System Software




                    Notes
                                       !
                                     Caution  There are no limitations on what occurs on the left or right-hand side except the
                                     left hand side must be non-empty.

                                   Type 1 (context-sensitive grammars)

                                   Productions are of the appearance uXw  uvw where u, v and w are random strings of symbols
                                   in V, with v non-null, and X a single nonterminal. Alternatively, X may be substituted by v but
                                   only when it is bounded by u and w. (i.e., in a specific context).
                                   Type 2 (context-free grammars)


                                   Productions are of the appearance X  v where v is an random string of symbols in V, and X is
                                   a single nonterminal. Wherever you locate X, you can substitute with v (in spite of context).

                                   Type 3: Regular Grammars

                                   Productions are of the appearance X  a, X  aY, or X where X and Y are non-terminals and
                                   a is a terminal. Specifically, the left-hand side must be a single nonterminal and the right-hand
                                   side can be either unfilled,  a single terminal by  itself or with a single nonterminal.  These
                                   grammars are the most limited in terms of important power.
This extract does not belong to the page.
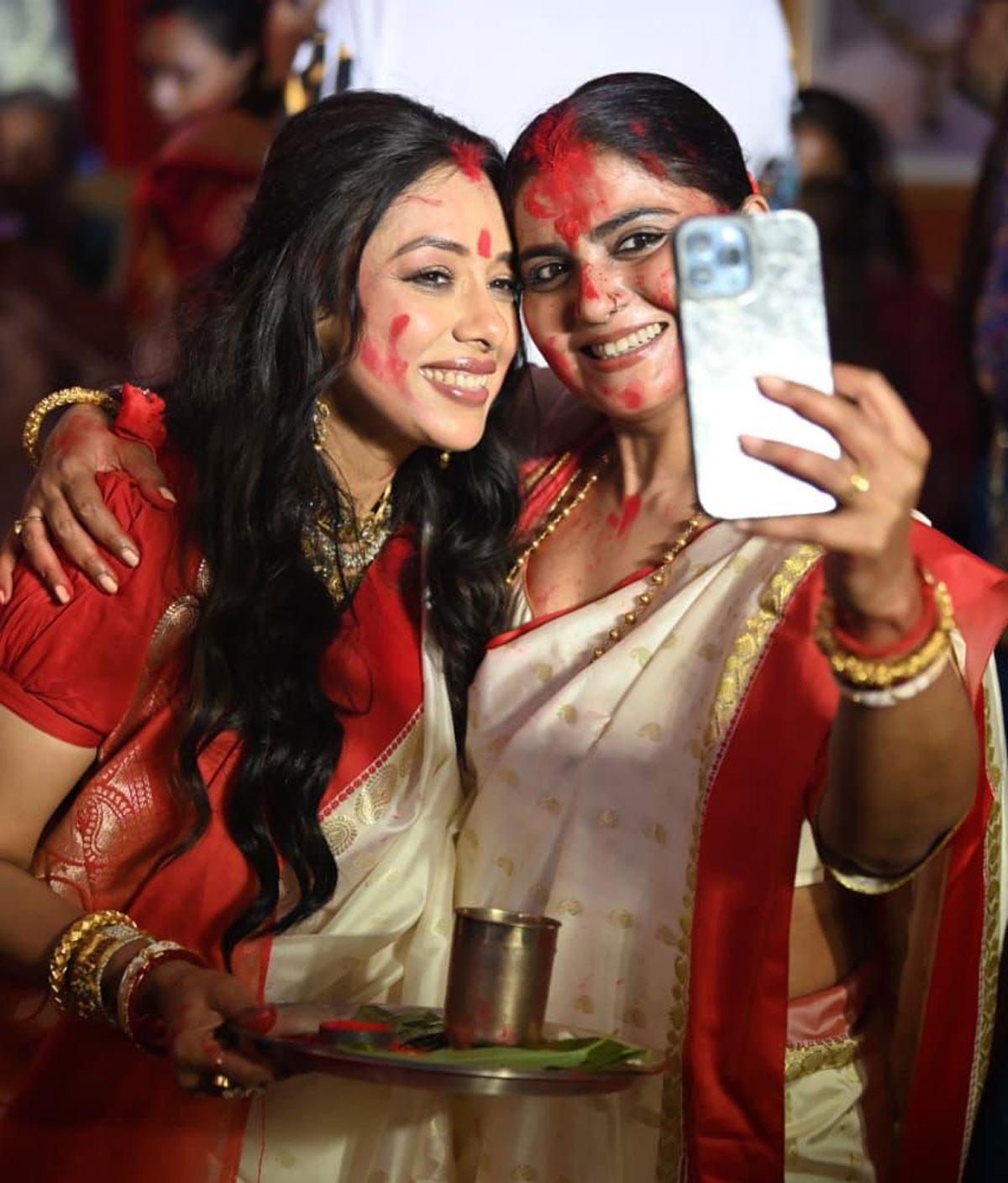 Rupali y Jyoti se toman una selfie.
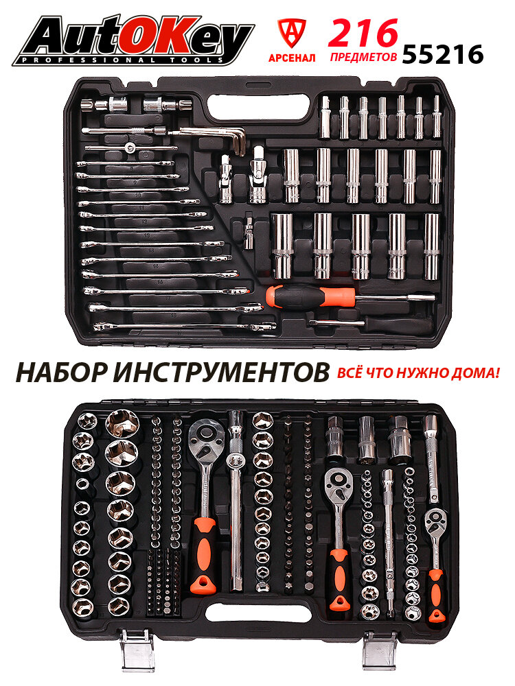 Набор инструментов 216 предметов (1/2", 1/4", 3/8" ключи, головки, биты, кейс) AutOkey, 55216 информация:

                                     Did u know? Each type 3 grammar is a type 2 grammar, and each type 2 is a type 1 and so on.
                                   Type 3 grammars are chiefly simple to parse due to the lack of recursive builds. Competent
                                   parsers survive for many classes of Type 2 grammars. Even though Type 1 and Type 0 grammars
                                   are more influential than  Type 2  and 3,  they are far less functional as  we cannot  generate
                                   competent parsers for them. In scheming programming languages by means of formal grammars,
                                   we will utilize Type 2 or context-free grammars, frequently just shortened as CFG.




                                      Task  Make distinction between unobstructed grammars and regular grammars.
                                   13.1.1 Issues in parsing Context-free Grammars


                                   There are numerous competent approaches to parsing most Type 2 grammars. Though, there are
                                   concerns that can interfere with parsing that we must take into consideration when scheming
                                   the grammar. Let's discuss three of them: ambiguity, recursive rules, and left-factoring.

                                   Ambiguity

                                   If a grammar allows more than one parse tree for a number of sentences, it is said to be ambiguous.


                                          Example: Consider the following typical arithmetic expression grammar:
                                   E  E op E | ( E ) | int op  + | - | * | /
                                   This grammar indicates  expressions that contain integers connected by binary operators and
                                   perhaps counting parentheses. As defined above, this grammar is uncertain since for certain
                                   sentences we can build more than one parse tree.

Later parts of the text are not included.